Art - Julian Le Bas

Before I talk to Julian Le Bas I wander round his exhibition of paintings and charcoal sketches in the HQ Gallery. He’s just putting the finishing touches to the hanging. There are some sketchbooks piled on a chair, and paintings which haven’t made the cut leaning against the wall. The paintings downstairs are oils on canvas, usually seascapes, whose massive power belies the relatively small frames they are confined in. It’s like a post-impressionist Tardis effect. Julian paints vivid scenes in thick strokes of multi-coloured oils, which capture mood more than anything; you can’t quite see where the sea ends and the sky begins.
I nose into the notebooks, which contain sketches for his paintings, as well as hundreds of life drawings. There are cows, too: recumbent cows, painted from behind. There are also notes he has written for himself, saying things like ‘Try to make space tangible - gather the clouds (God’s breath)’ and ‘the weight of the weather - sometimes a feather or a fathom.’

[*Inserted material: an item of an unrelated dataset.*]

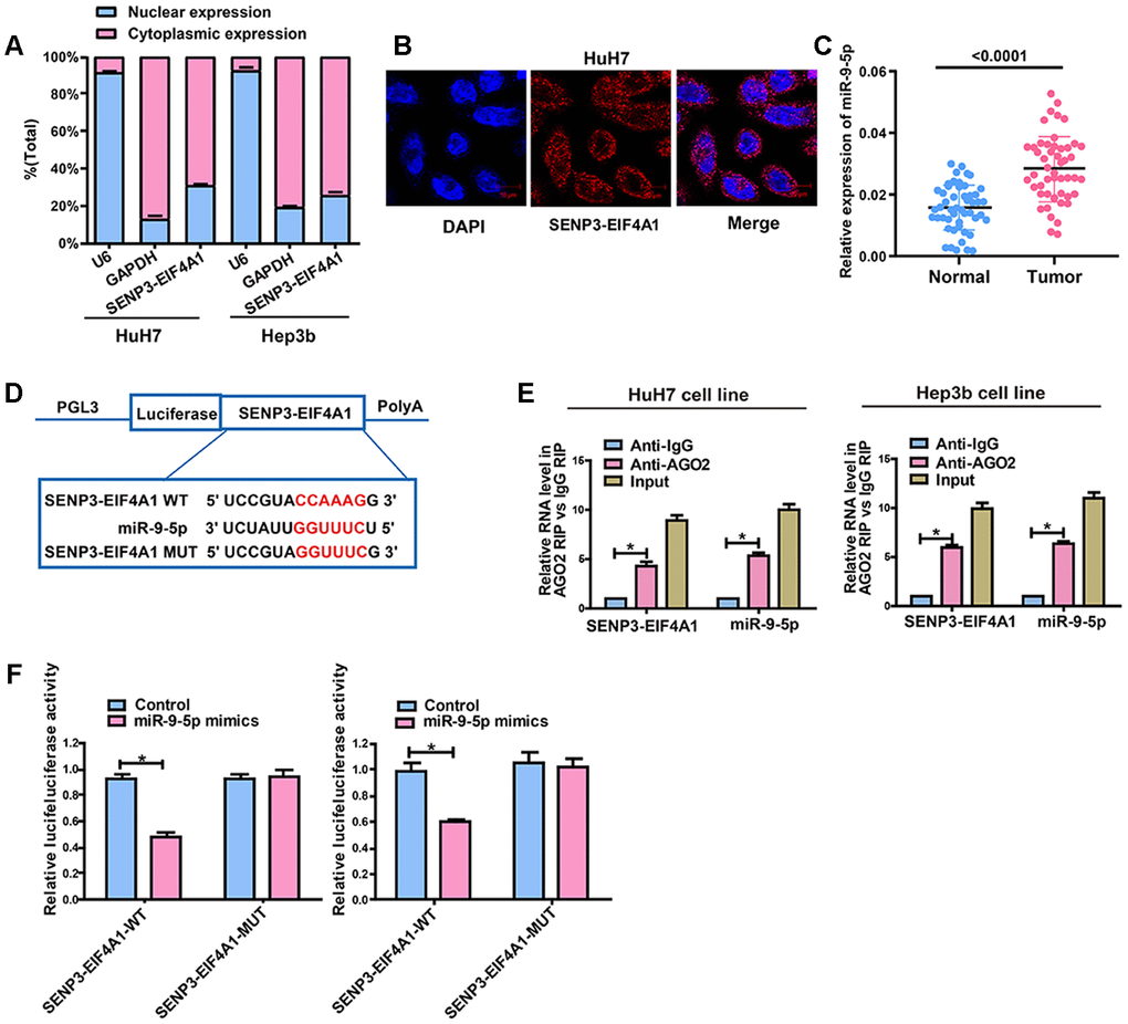 Figure 5. SENP3-EIF4A1 interacts with miR-9-5p in a direct manner. (A) Cytoplasmic and nuclear levels of SENP3-EIF4A1 in HuH7 and Hep3b cells analyzed by qRT-PCR. (B) The RNA-FISH results verified that SENP3-EIF4A1 was distributed mostly in the cytoplasm in HuH7 cells. (C) MiR-9-5p expression in HCC tissues and adjacent normal tissues detected by qRT-PCR. (D) Bioinformatics evidence of binding of miR-9-5p onto 3'-UTR of SENP3-EIF4A1. (E) RIP experiments for the amount of SENP3-EIF4A1 and miR-9-5p in HuH7 and Hep3b cells. (F) Dual-luciferase reporter gene assay in HuH7 and Hep3b cells after transfection with negative control or miR-9-5p mimics, Renilla luciferase vector pRL-SV40 and the reporter constructs. Data are presented as mean ± SD. *P<0.05. All of the experiments were performed in triplicate.

Upstairs, where I talk to Julian, there is another seascape, three Tuscan landscapes ú and some charcoal drawings of goats and sheep. “There doesn’t seem to be any sign of human life in your work,” I suggest, “but your sketch books are full of life drawings.” “I suppose my main interest is in the landscape, the vastness of the space it inhabits, and the specific atmosphere it creates,” he says. “The life drawings come from my art teaching workshops, drawn directly from the figure. The forms of the human body will re-appear in my landscapes, though not in a self-conscious way. They help me see the relationship of forms.”
Julian cites late Turner paintings and Constable’s seascape sketches as influences, as well as Emile Nolde’s morbidly romantic ‘The Sea B’, which used to hang in the old Tate.